EU plan to boost renewables away from Russian fossil fuels will help fight climate change, experts say

In an effort to end the import of Russian fossil fuels by 2027, the European Commission will boost the production and efficiency of renewable energy, according to a Bloomberg News report, a move that experts say could benefit the fight to control climate change.

On May 18, the executive branch of the European Union will propose to increase its clean energy target for 2030 from 40% of its total energy production to 45%, and will also require member states to reduce energy consumption by 13 % over the course of the decade, above the 9% decline currently required.

European energy and international climate policy experts say these moves, while only resulting in a small reduction in greenhouse gas emissions that cause climate change, are part of a positive shift away from reliance on fossil fuels. fossils.

Wind turbines compete with a coal power plant near Erkelenz, Germany

Wind turbines compete with a coal-fired power plant near Erkelenz, Germany. (Sean Gallup/Getty Images)

“In the long term, it will be beneficial for emissions and cost,” Ana Maria Jaller-Makarewicz, energy analyst for Europe at the Institute for Energy Economics and Financial Analysis, told Yahoo News. “We cannot continue with this volatile market.”

The Russian invasion of Ukraine and the resulting price increase, Jaller-Makarewicz said, “has shown Europe how volatile the price and supply of gas is.”

Jaller-Makarewicz and others have warned that while Europe hopes to boost its clean energy goals, it is also making plans to replace Russian natural gas with liquefied natural gas, or LNG, from the United States and the Middle East. Since LNG has a higher carbon footprint than conventional gas due to the energy demands of liquefaction and transportation, that will offset some of the climate benefits of clean energy and efficiency improvements.

But experts also point out that the EU is trying to avoid committing to block infrastructure and long-term fossil fuel supplies that would prevent it from meeting its goal of cutting carbon emissions enough to avert catastrophic climate change. For example, Reuters reported earlier this week that Germany is having trouble negotiating a deal to buy LNG from Qatar because Qatar wants a commitment that lasts at least 20 years. Germany hopes to reduce its emissions by 88% by 2040, so it intends to no longer need imported natural gas for power and heating in the next two decades.

“The reality is more positive, but it’s a bit mixed,” Jake Schmidt, senior strategic director for international climate at the Natural Resources Defense Council, told Yahoo News. “The EU is trying to move away from Russian gas fairly quickly, but as a result it is not scrapping its climate goals, which is good. So what they’re looking at is: ‘How could we build infrastructure in the short term to switch our gas supplies?’ They’re trying to do that in a way that doesn’t limit them to infrastructure that has no long-term climate value.”

PCK Oil Refinery

The German PCK refinery, majority owned by the Russian energy company Rosneft, processes oil from Russia through the Druzhba pipeline. (Hannibal Hanschke/Getty Images)

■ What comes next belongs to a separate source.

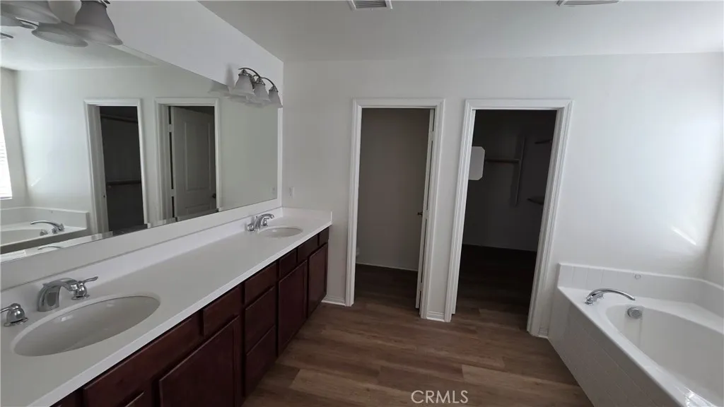 Rare opportunity to rent a 5 bedroom new home with a Next-Generation separate entrance of a primary suite on the first floor. Brand new flooring and painting, washer dryer and refridge included in the rent. Located in the highly desirable Summerly Community in Lake Elsinore, this beautiful home offers space, versatility, and stunning potential lake and mountain views. The home offers 5 bedrooms and 4 bathrooms, including two owner suites and a private guest house with its own entrance, ideal for extended family, guests, or a dedicated workspace. The spacious living area flows into a chef’s kitchen with a large island, granite countertops, abundant cabinetry, and a pantry, making it perfect for entertaining. A separate formal dining room adds an elegant touch for gatherings. Upstairs includes a loft area, generously sized bedrooms, an oversized primary suite with a walk-in closet and custom organizer, and a convenient indoor laundry room. A flexible den can serve as a home office, playroom, or optional 5th bedroom. The property also features an attached garage, wide private driveway, and a cozy backyard, ideal for relaxing or entertaining outdoors.
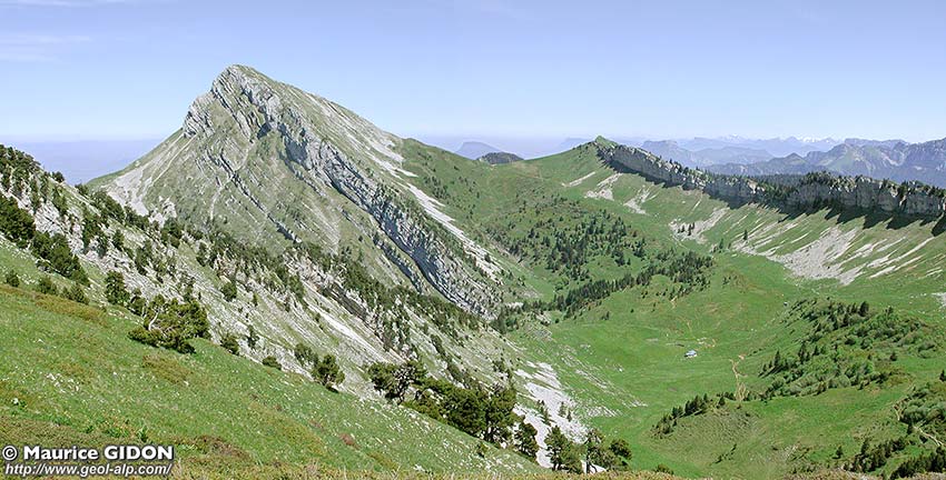 Ce trait du relief concerne les pentes au sud du sommet ou, celles, plus au nord, qui tombent sur le ravin supérieur de Chorolant. Par contre entre le sommet proprement dit et son antécime nord (point 1896), il n'y a pas de vraie crête mais plutôt une large échine plutôt mamelonnée, percée de grandes dolines, typique d'un relief karstique. Il s'agit sans doute là d'un panneau résiduel du relief ancien, hérité de l'épisode d'aplanissement, préliminaire au creusement des vallées et au dégagement des crêtes, qui est évoqué plus haut. |

European nations are doing this in two ways, Schmidt said: They’re leaning toward building floating LNG import terminals offshore, less permanent than onshore structures, and they’re trying to build them so they can go out of use. for LNG to hydrogen in the future.

“They clearly recognize, both in the short and long term, [the need] to double down on their climate strategy,” Schmidt said. It takes two to five years to build an LNG import terminal, which is longer than building a new wind or solar farm.

Currently, oil and gas consumers around the world are paying record prices. As well as cutting emissions and taking money out of Russian President Vladimir Putin’s war chest at a time when he has invaded Ukraine and threatens other countries in Europe, the EU believes its upcoming energy transition plan will save consumers money on gasoline. Bloomberg reported that its sources estimated total annual savings of €80bn on gas, €12bn on oil and €1.7bn on coal.

However, skeptics may worry that renewable energy mandates will increase the price of electricity. Wind and solar are becoming more cost-competitive with gas and cheaper than coal, but some studies have shown that renewable energy portfolio standards increase energy prices by forcing utilities to to invest in new wind and solar installations before investing in existing coal or gas power. otherwise, the plants would need to be replaced.

High fuel prices at a Shell petrol station in Wales

High petrol prices, seen here at a Shell station in Wales, are hitting consumers in the UK hard. (Matthew Horwood/Getty Images)

However, most experts are confident that falling prices and other measures being taken in Europe, such as the simplification of renewable energy permitting processes, will make the EU’s plan to increase renewable energy actually cheaper than importing increasingly expensive fossil fuels.

“It’s an important step in finally completing this transition that they’re trying to accomplish as quickly as possible to get off fossil fuels and dependency entirely,” Pete Ogden, vice president for energy, climate and environment at the United Nations Foundation, he told Yahoo News. “They are going to find the alternatives increasingly attractive economically.”